A second consecutive gross domestic product decline in Q1 sparked recession concerns, but the underlying data tells a more encouraging story: Per-capita growth shows Canada is in an early-stage recovery rather than a contraction.
“To be clear, the economy is not strong yet. Unemployment is still too high. Population declines will continue to limit the underlying growth rate that can be generated. Sectors directly targeted by U.S. tariffs continue to underperform, and high fuel costs are cutting into household purchasing power,” said the report.
“But, headline growth numbers mask an important shift: Slowing population growth is depressing aggregate GDP while measures that reflect how households experience the economy show signs of improvement.
“On a per-person basis, the economy is still growing. The unemployment rate also edged lower (6.6% in May from 6.8% at end of 2025)—a seemingly contradictory outcome that makes sense only when accounting for the contraction in the available workforce.”
RBC said it remains cautiously optimistic that enough support remains in place to sustain gradual improvement in those per-person and per-worker economic indicators this year with further tailwinds building into 2027.

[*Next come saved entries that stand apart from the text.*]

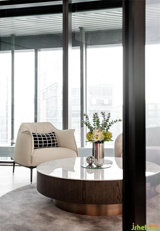 會(huì)客沙發(fā)設(shè)在臨窗位置,悄然照進(jìn)的自然光,珠寶展廳設(shè)計(jì)一并將窗外晴致,令人視野開闊,清況逸然。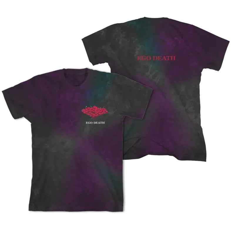 The Ego Death Acid Wash T-shirt from Ty Dolla $ign features a bed of roses inspired by the single artwork on the front in the pocket area, and the song title on the back printed in red on the back of a multi-color acid wash t-shirt.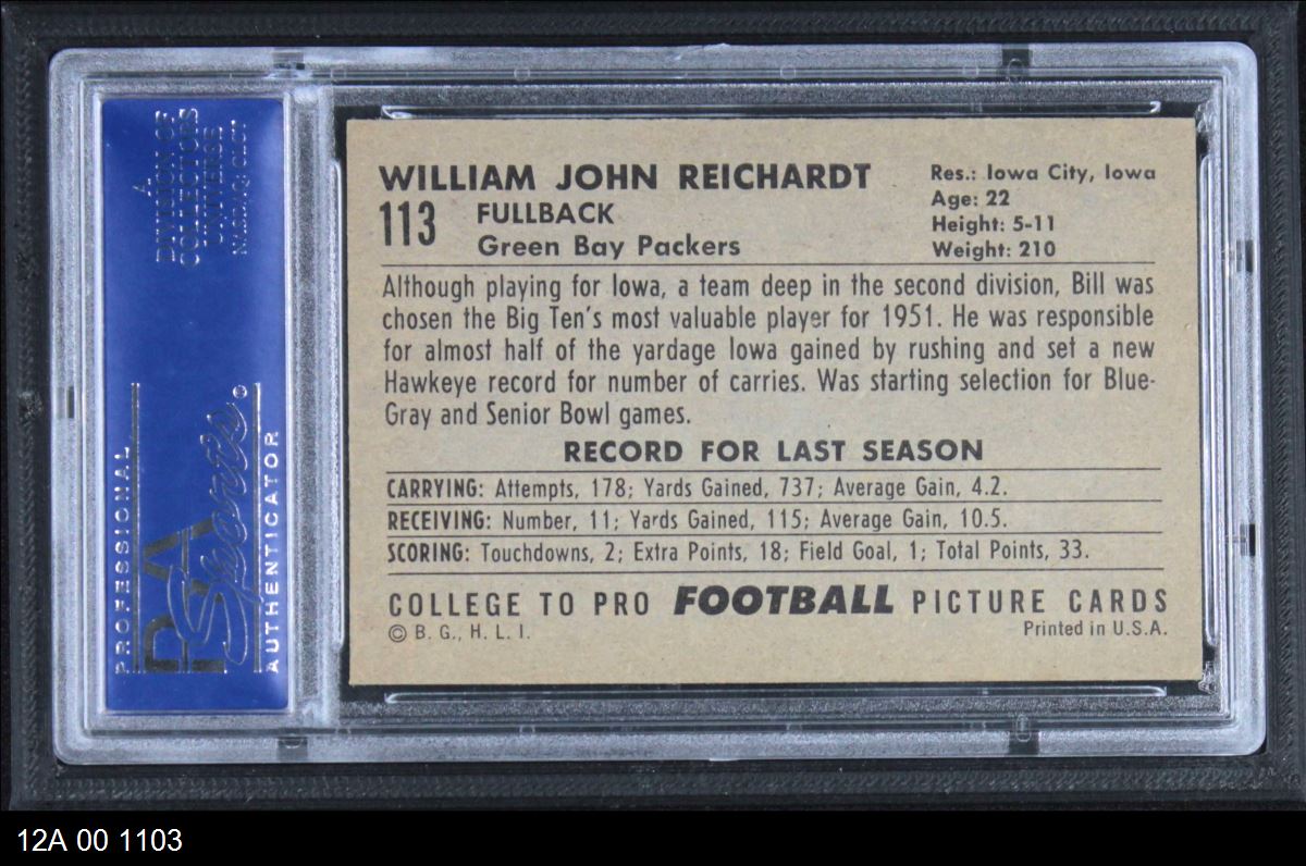 | 1952 Bowman Large #113 Bill Reichardt | PSA 7 - NM | Front | Back |

“Higher energy costs are a real headwind, particularly for lower-income households where transportation costs absorb a much larger share of disposable incomes,” it said.
“Yet currently, purchases at the gas pumps account for about 3.5% of household incomes overall —up from 2.9% in Q4, but not historically high.
“The longer the energy price shock lasts, and the higher oil prices go, the larger the threat to consumer spending. But, for now, households have broadly continued to spend.”